So. It is Kenny's birthday. I love this man to no end. He knows my soul, and understands. There is not another I can say this about. He is the most respectful, intelligent, kind, interesting, sensitive, funny, strong, creative, beautiful man I know. He is a rare bird, not the normal breed of man. I am not the normal breed of female. We make sense to each other and I feel beyond grateful for this man, that he is mine and I am his. Sometimes I feel he is the only person in the world I can relate to.
Kenny has the most gentle heart. His spirit is so strong, but immensly sensitive as well. We have been married for 4 1/2 years... and have been through so much in that short time. (our long struggle on the path to marriage, the loss of my dear Dad, the unexpected pregnancy of our son, preparing to go to the temple, becoming parents, being sealed, 9 moves, the loss of our daughter)
Our sensitivity and tollerance of each other has become unwavering. We hate not being with each other and are so dependent on one another. When we fight, the whole universe feels amiss and the only thing that matters is making things right.

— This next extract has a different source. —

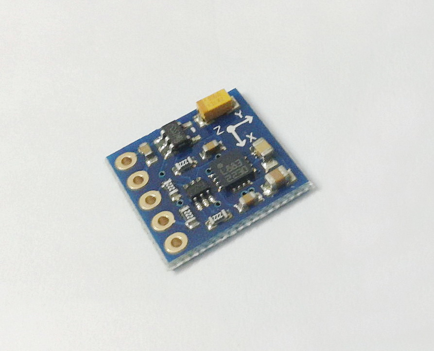 A Honeywell digital compass sensor (HMC5883L)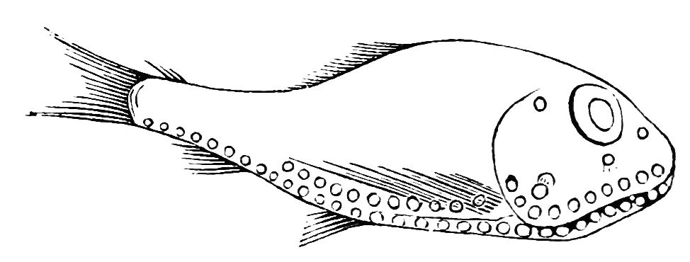 Ichthyococcus ornatus

I want more than anything for his day to be special. This is his first birthday celebration without our daughter. The huge space in his heart that belongs to Sage is so vast and deep and, I know, is too often impossible to navigate around. The past couple of weeks have been rough and I just want so much for Kenny to feel the love amidst the deafening sadness.
I love you my dear man and am so glad that you were born and that we found each other. My world would be lost without you. For the past 6 1/2 months you have made it possible for me to breathe.